As a trainer, one of the most important things to me is ensuring that my students understand what I’ve taught them after they leave my classroom. Will they be able to repeat what they’ve done when they get back to their own desks? Since most trainers do not get the opportunity to check up on their students to see if they are using their new skills, they can only hope.

One way to make sure that students “get it” is to repeat what you have just taught over and over again throughout the same class. Repetition is an important key in learning. Repetition is an important key in learning.

Designing the class plan
When I’m preparing my training materials, I try to find a way to repeat information throughout the class. I’ve tried testing students as another method to encourage retention, but I’ve found that although they know the answers, they still don’t remember how to use their knowledge to complete tasks.
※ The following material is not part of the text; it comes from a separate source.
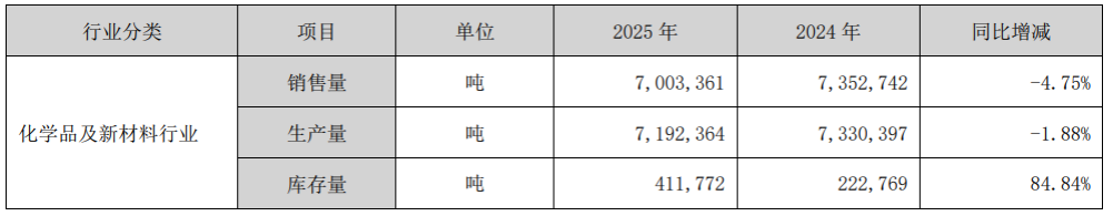 从产销量来看,2025年公司化学品及新材料整体销售量同比下降4.75%至700.34万吨,生产量同比下降1.88%至719.24万吨,而期末库存量则同比大增84.84%,达到41.18万吨。销售量下滑而产量调整滞后,导致公司进入被动累库阶段,这也从侧面印证了下游需求偏弱与供给端产能释放带来的短期供需错配压力。

Many of the common features in any software program can be repeated throughout a single class. While you’re preparing your training materials, look at some of the features that you will be covering, and you may find that you can repeat some of them during your class as well. I will use one of my current Excel courses as an example. All of these features take just a few minutes to cover and can be thrown in throughout a class without taking up too much time.

Repeating tasks in Excel
We start the class by creating a simple spreadsheet. Because I’m a big movie fan, we create a spreadsheet of movies that the students have seen, and we rate them. I like starting the class on this note because right away we’re talking about something the students are familiar with, and they become a little less intimidated. (I also get my own personal movie review.)

We start our spreadsheet by creating a header row that describes our spreadsheet.

The top row headers are Movie and Starring.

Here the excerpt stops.